» The task:
Below are the records; extract from them the line containing "Обувница с мягким" to the line containing "夜空メーターは夜空の明るさと", both lines included, exactly and with no pictures.
-------- Data records
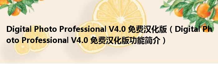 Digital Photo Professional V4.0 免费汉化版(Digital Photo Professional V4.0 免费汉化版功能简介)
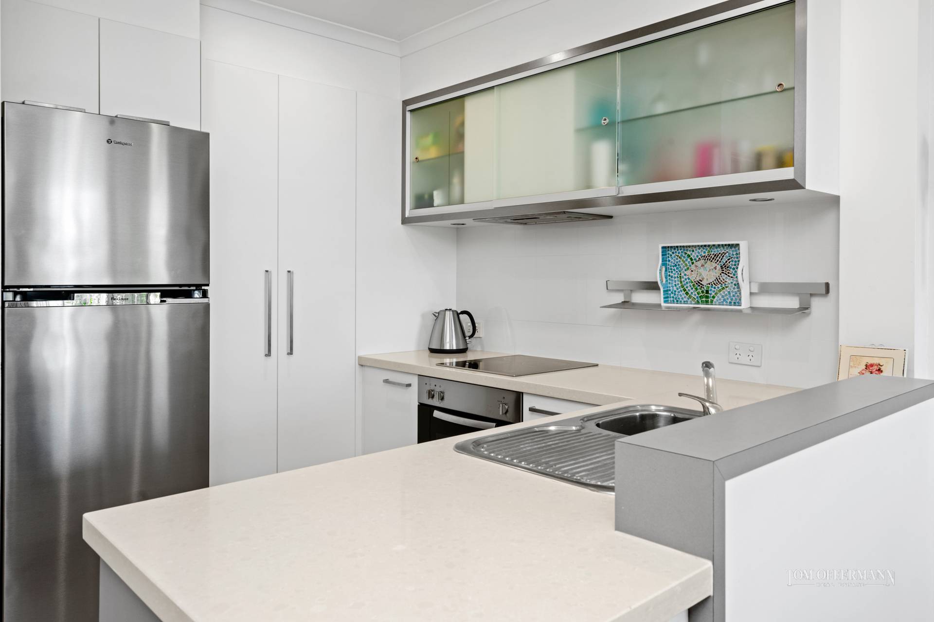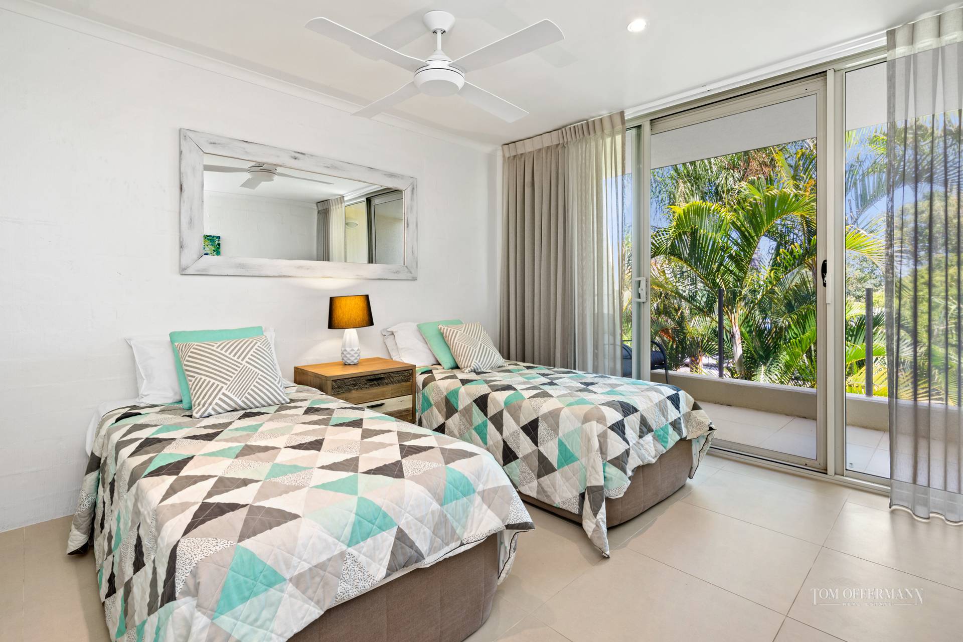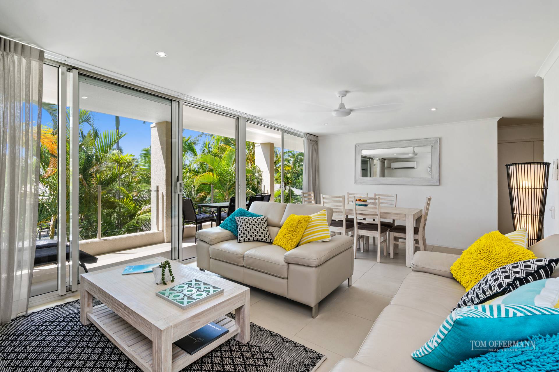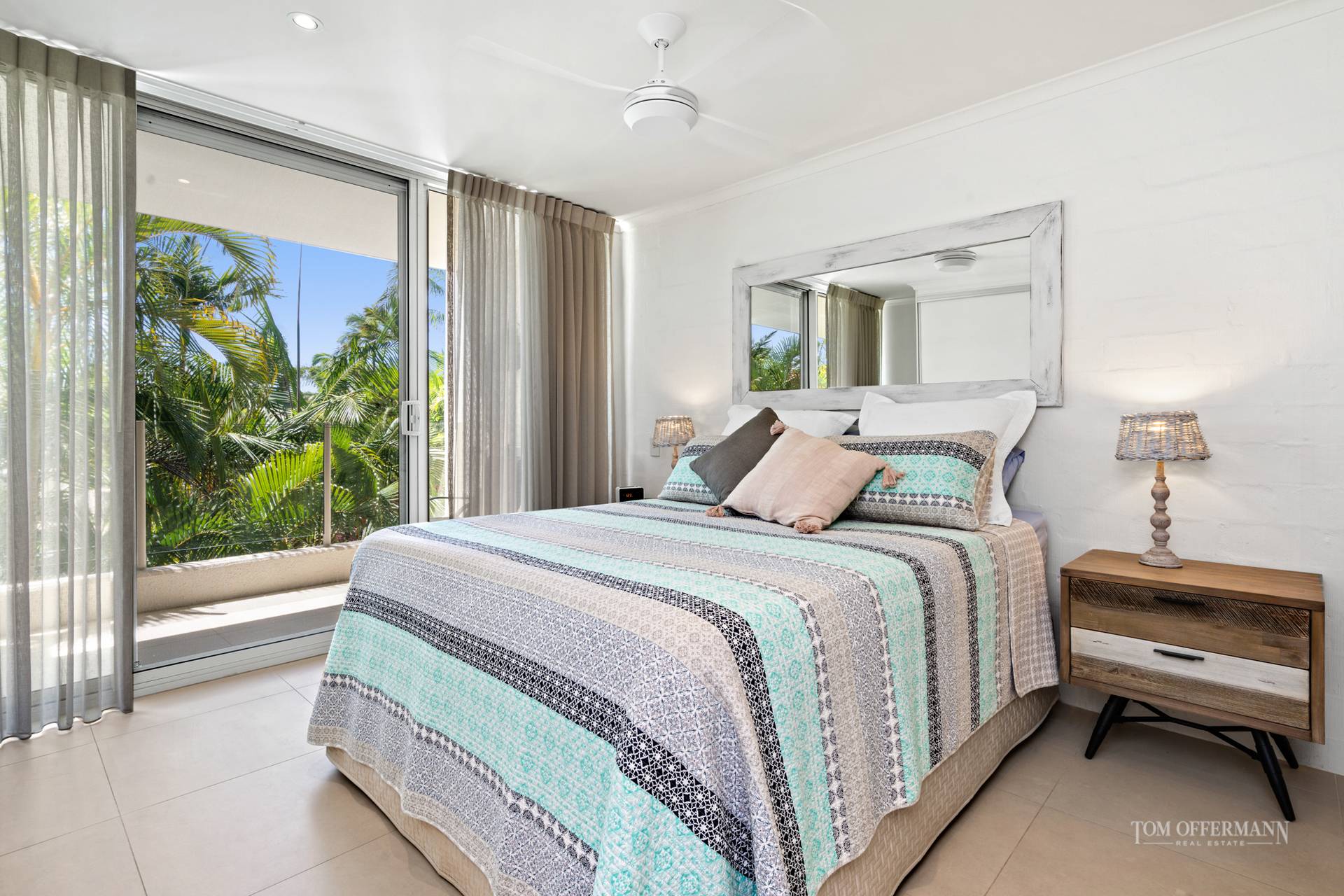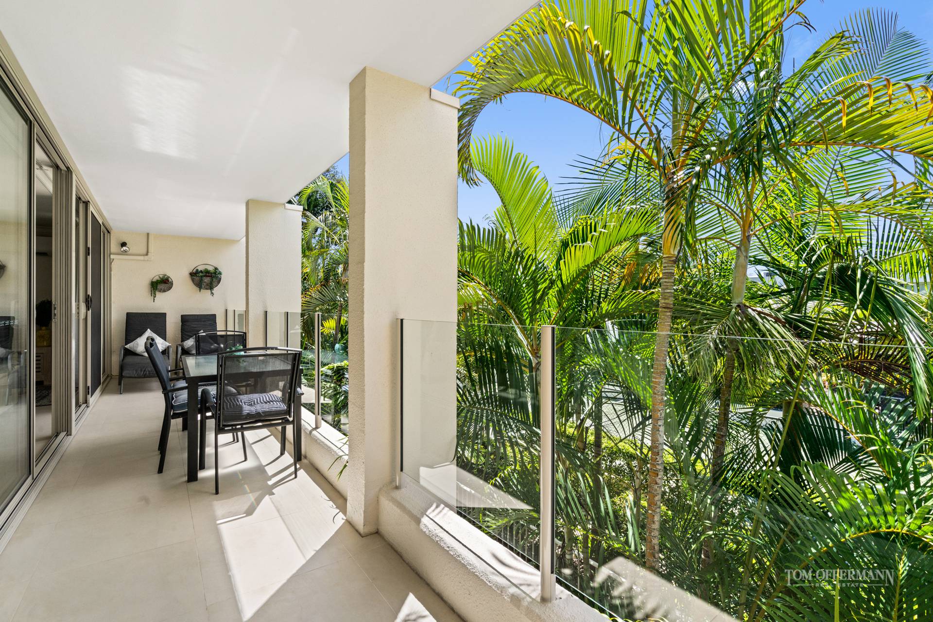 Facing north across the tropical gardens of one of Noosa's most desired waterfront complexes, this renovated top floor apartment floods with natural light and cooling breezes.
----------------
-------- Data records
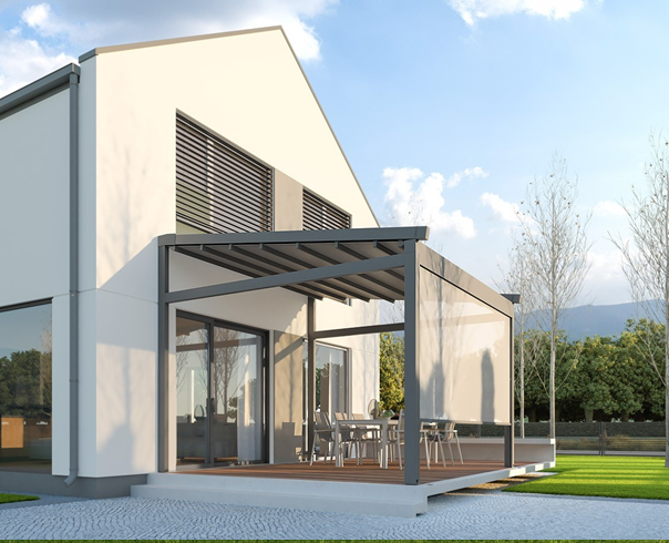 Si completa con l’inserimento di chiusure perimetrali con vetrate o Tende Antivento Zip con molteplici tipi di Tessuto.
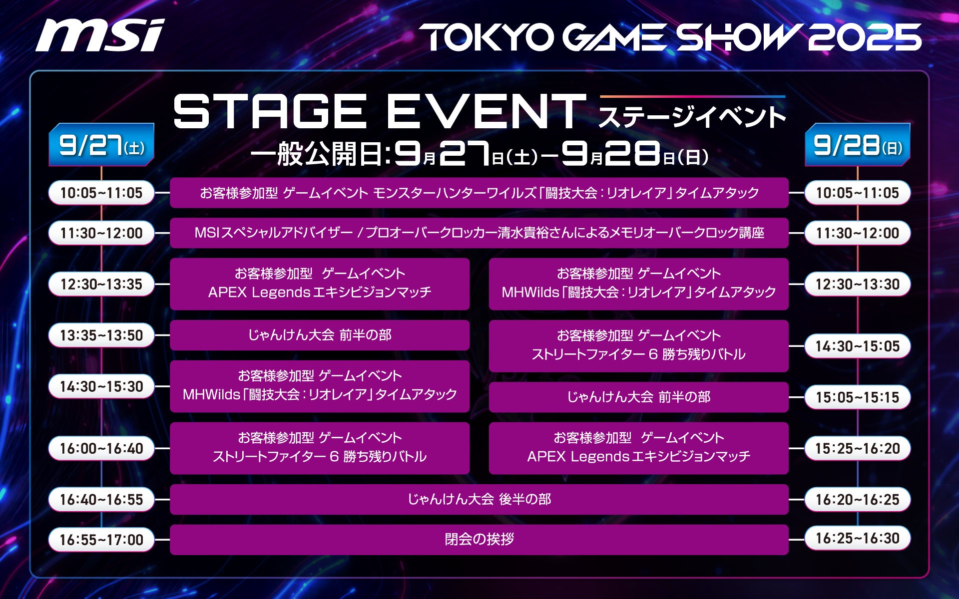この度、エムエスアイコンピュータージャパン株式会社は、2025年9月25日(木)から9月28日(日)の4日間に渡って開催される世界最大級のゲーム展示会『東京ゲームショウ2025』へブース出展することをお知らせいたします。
----------------
-------- Data records
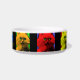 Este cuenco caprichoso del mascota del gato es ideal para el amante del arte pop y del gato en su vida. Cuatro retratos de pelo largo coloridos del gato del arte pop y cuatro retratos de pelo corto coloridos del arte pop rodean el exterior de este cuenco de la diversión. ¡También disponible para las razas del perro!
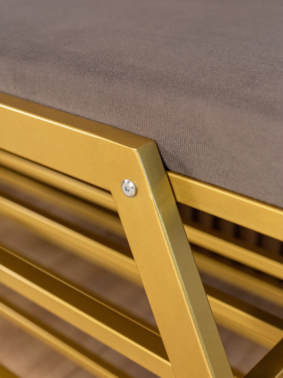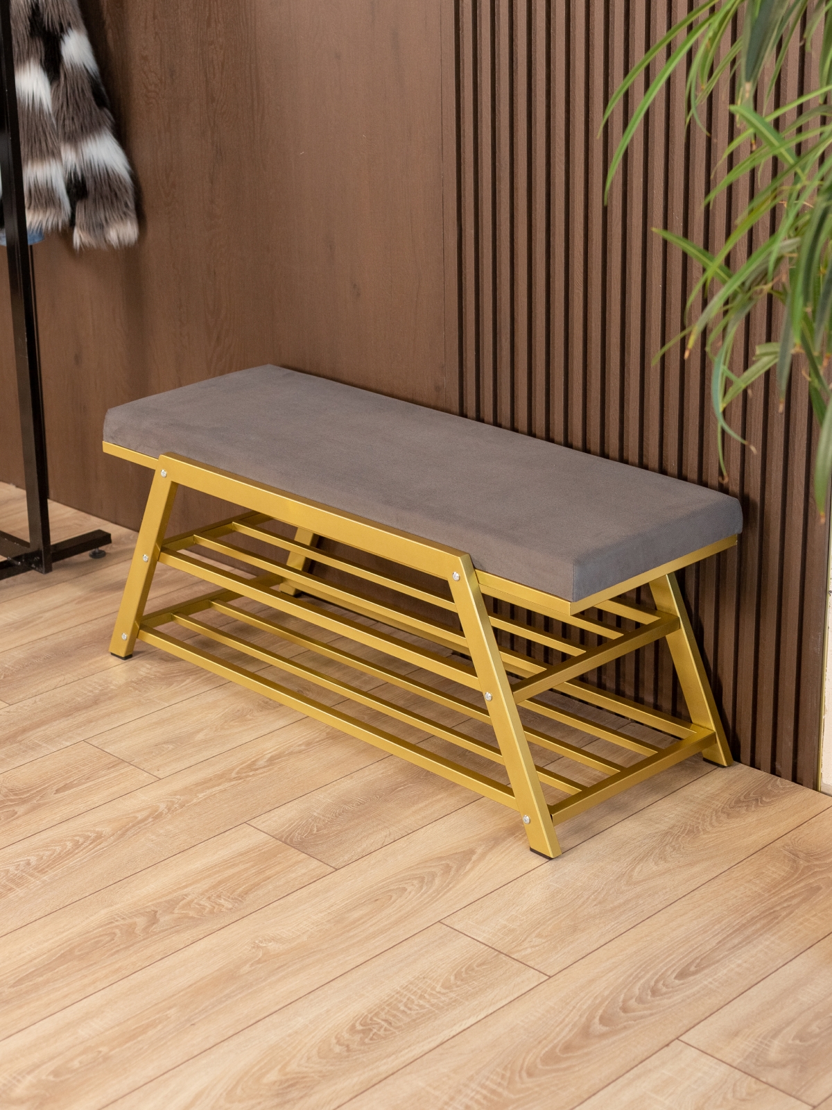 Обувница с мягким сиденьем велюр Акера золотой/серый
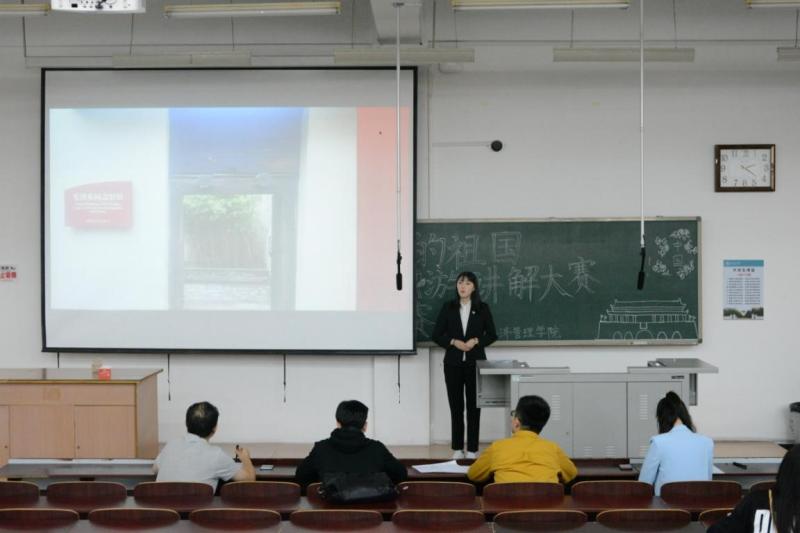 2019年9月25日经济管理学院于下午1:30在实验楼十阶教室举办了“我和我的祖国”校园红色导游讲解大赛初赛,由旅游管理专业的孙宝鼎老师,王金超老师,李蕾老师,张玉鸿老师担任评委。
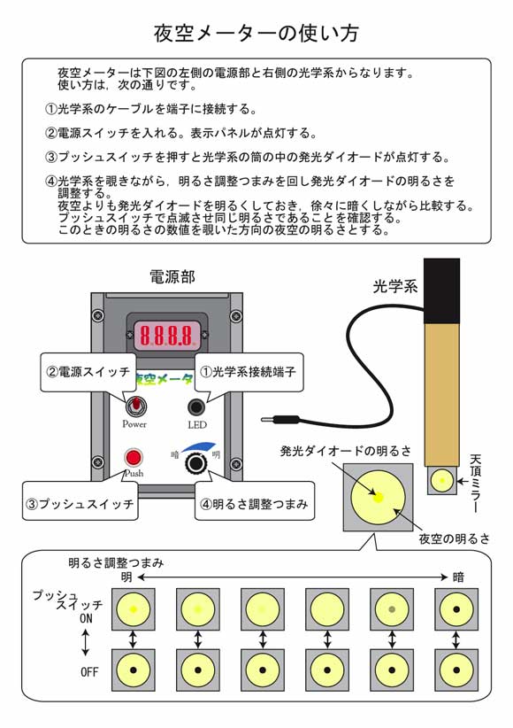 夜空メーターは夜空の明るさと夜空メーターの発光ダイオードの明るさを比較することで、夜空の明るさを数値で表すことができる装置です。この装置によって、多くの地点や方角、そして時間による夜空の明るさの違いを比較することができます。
----------------
» Exercise answer:
 Обувница с мягким сиденьем велюр Акера золотой/серый
 2019年9月25日经济管理学院于下午1:30在实验楼十阶教室举办了“我和我的祖国”校园红色导游讲解大赛初赛,由旅游管理专业的孙宝鼎老师,王金超老师,李蕾老师,张玉鸿老师担任评委。
 夜空メーターは夜空の明るさと夜空メーターの発光ダイオードの明るさを比較することで、夜空の明るさを数値で表すことができる装置です。この装置によって、多くの地点や方角、そして時間による夜空の明るさの違いを比較することができます。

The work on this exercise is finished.